Entries taken from a collection:
──────────────────────────────
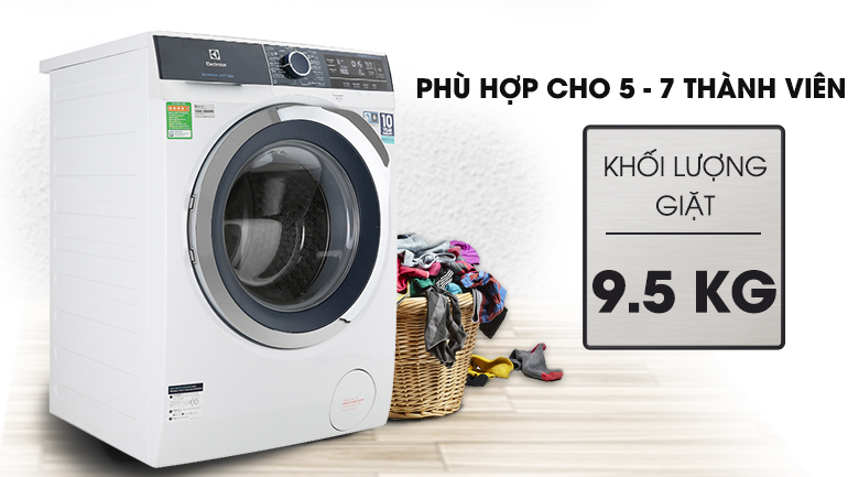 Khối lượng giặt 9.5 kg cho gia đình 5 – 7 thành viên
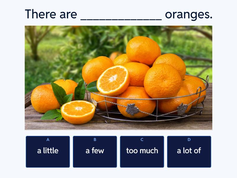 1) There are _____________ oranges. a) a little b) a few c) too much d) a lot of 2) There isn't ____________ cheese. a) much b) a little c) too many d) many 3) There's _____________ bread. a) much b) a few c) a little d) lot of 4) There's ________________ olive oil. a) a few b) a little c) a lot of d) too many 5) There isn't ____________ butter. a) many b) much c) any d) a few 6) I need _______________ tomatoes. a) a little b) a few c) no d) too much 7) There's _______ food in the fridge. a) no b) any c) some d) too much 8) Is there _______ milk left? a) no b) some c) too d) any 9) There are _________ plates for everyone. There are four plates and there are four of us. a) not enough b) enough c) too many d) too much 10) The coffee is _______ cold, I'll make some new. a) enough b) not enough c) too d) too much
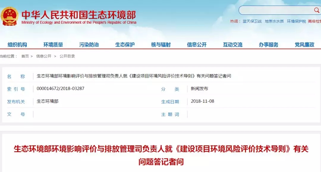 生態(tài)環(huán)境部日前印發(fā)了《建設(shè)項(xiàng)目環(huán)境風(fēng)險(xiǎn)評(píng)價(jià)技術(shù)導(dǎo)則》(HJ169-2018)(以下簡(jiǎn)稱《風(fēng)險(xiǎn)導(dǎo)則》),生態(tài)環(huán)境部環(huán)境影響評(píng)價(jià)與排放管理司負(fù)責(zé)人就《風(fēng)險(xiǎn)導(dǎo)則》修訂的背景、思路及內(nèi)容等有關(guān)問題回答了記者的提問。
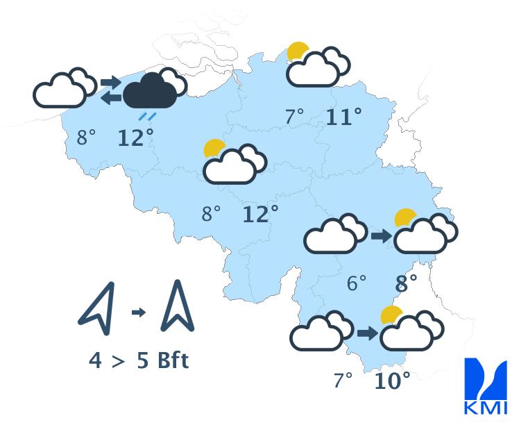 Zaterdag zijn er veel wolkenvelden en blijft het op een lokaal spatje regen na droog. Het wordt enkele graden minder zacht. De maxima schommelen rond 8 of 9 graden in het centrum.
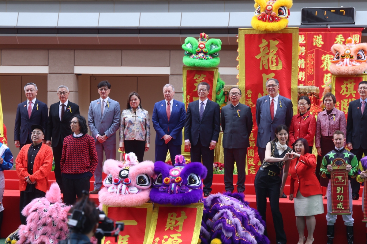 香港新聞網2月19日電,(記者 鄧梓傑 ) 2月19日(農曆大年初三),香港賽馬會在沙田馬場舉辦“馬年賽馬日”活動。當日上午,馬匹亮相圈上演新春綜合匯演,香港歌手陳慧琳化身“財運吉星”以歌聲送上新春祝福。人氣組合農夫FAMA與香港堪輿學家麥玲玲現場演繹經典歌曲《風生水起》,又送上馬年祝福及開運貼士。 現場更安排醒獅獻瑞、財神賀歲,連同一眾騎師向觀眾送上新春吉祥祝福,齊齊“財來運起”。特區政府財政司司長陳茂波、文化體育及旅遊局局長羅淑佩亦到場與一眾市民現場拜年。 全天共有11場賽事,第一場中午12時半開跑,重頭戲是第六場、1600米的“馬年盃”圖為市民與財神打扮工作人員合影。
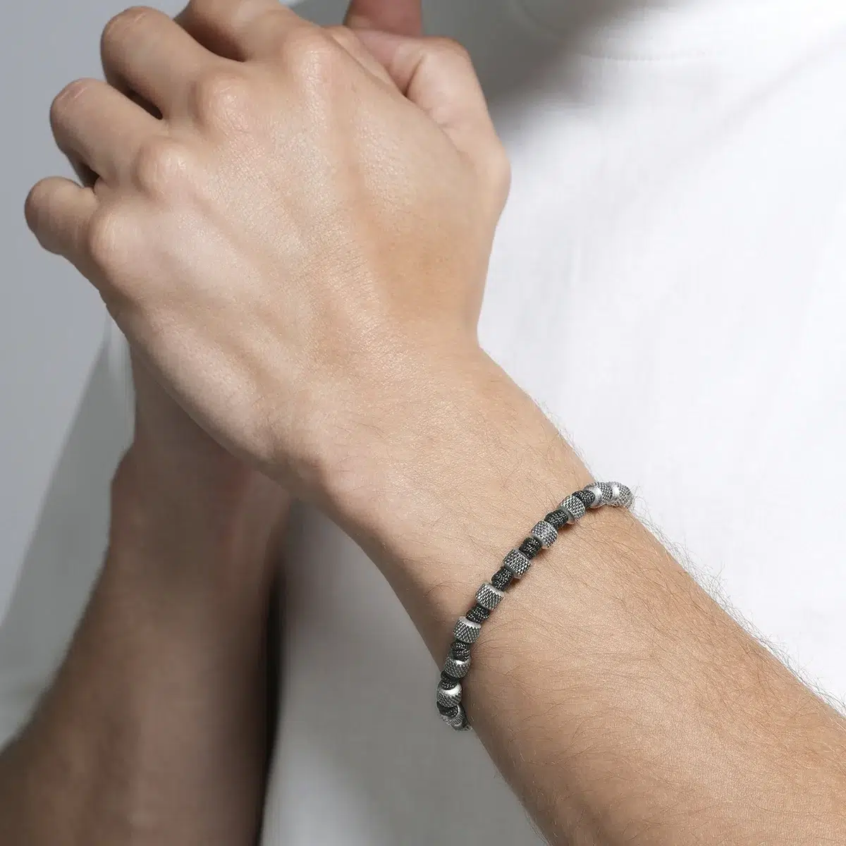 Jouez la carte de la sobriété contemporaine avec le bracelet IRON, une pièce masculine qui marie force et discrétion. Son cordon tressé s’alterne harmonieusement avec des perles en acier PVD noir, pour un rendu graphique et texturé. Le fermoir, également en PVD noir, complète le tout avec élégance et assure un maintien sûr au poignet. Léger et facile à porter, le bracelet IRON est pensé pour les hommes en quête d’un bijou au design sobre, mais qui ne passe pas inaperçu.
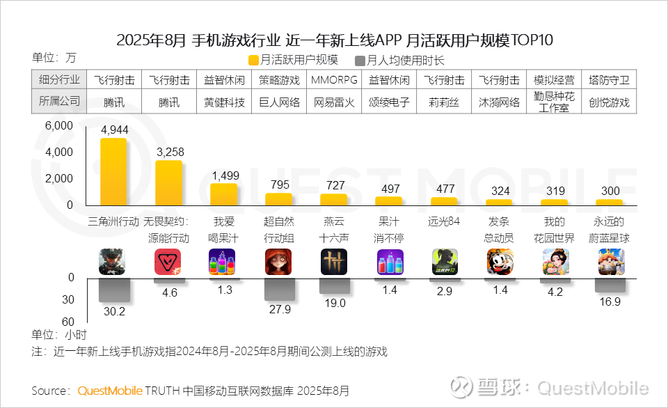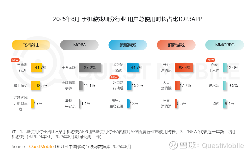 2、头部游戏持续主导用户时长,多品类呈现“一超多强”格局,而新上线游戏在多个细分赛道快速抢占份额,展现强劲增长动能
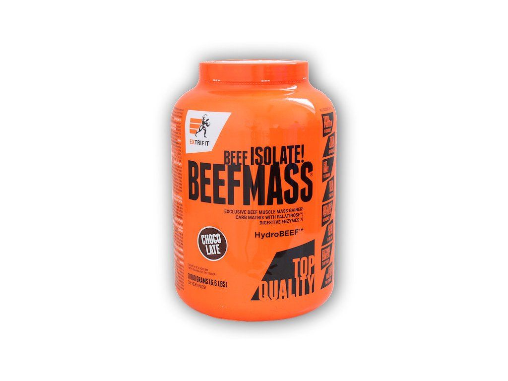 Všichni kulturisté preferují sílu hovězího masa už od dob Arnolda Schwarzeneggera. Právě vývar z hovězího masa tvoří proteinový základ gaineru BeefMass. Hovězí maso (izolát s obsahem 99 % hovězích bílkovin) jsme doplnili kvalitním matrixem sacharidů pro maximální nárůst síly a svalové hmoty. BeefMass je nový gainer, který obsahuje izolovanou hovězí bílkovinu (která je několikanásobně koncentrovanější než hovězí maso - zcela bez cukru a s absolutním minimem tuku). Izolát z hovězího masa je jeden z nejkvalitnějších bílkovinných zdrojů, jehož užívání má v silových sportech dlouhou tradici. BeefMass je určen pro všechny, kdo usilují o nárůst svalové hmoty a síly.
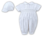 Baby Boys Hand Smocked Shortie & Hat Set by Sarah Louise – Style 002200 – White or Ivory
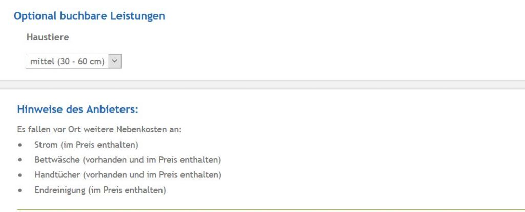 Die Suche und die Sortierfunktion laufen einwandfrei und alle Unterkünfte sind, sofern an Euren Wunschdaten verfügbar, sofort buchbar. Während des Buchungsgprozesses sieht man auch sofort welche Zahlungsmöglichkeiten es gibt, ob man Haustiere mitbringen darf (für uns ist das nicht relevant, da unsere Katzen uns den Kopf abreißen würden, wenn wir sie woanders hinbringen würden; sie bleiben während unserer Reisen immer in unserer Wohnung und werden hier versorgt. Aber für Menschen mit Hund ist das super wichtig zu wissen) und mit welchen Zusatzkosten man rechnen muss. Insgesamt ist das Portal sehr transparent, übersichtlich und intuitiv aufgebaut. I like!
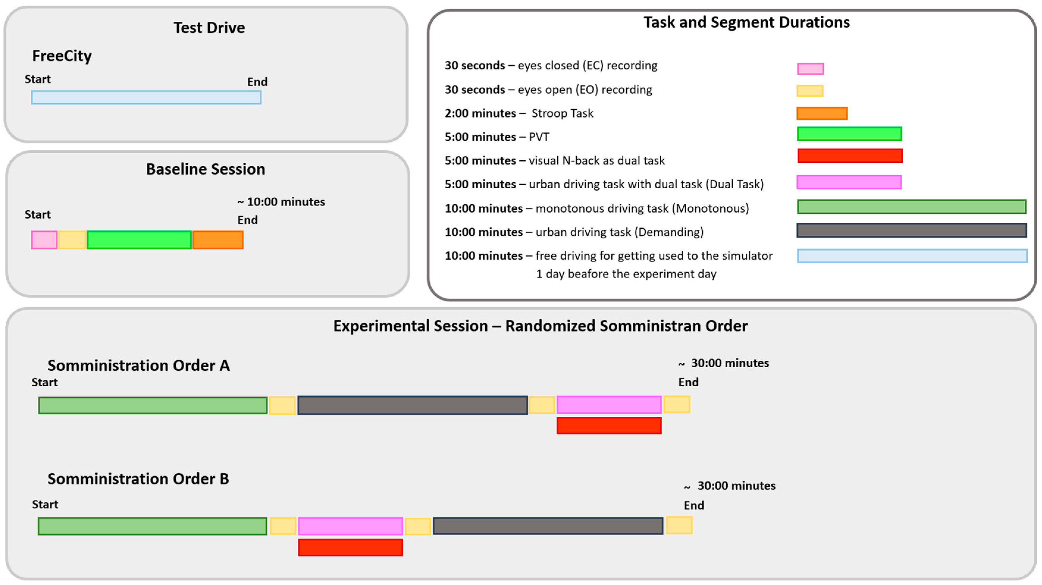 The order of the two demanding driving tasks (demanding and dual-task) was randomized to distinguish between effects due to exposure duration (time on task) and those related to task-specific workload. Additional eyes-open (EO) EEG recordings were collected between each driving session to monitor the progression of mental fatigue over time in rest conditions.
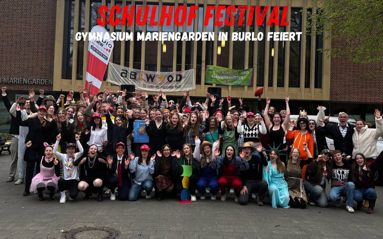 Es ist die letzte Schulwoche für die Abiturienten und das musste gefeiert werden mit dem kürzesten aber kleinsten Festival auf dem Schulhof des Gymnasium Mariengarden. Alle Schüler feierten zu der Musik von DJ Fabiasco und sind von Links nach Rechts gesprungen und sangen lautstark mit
──────────────────────────────
EXERCISE BRIEF >>
Please set down, exactly and with no pictures, the lines in the entries above starting at the one holding "Jouez la carte" and ending at the one holding "2、头部游戏持续主导用户时长", ends included.

YOUR RESPONSE >>
 Jouez la carte de la sobriété contemporaine avec le bracelet IRON, une pièce masculine qui marie force et discrétion. Son cordon tressé s’alterne harmonieusement avec des perles en acier PVD noir, pour un rendu graphique et texturé. Le fermoir, également en PVD noir, complète le tout avec élégance et assure un maintien sûr au poignet. Léger et facile à porter, le bracelet IRON est pensé pour les hommes en quête d’un bijou au design sobre, mais qui ne passe pas inaperçu.
 2、头部游戏持续主导用户时长,多品类呈现“一超多强”格局,而新上线游戏在多个细分赛道快速抢占份额,展现强劲增长动能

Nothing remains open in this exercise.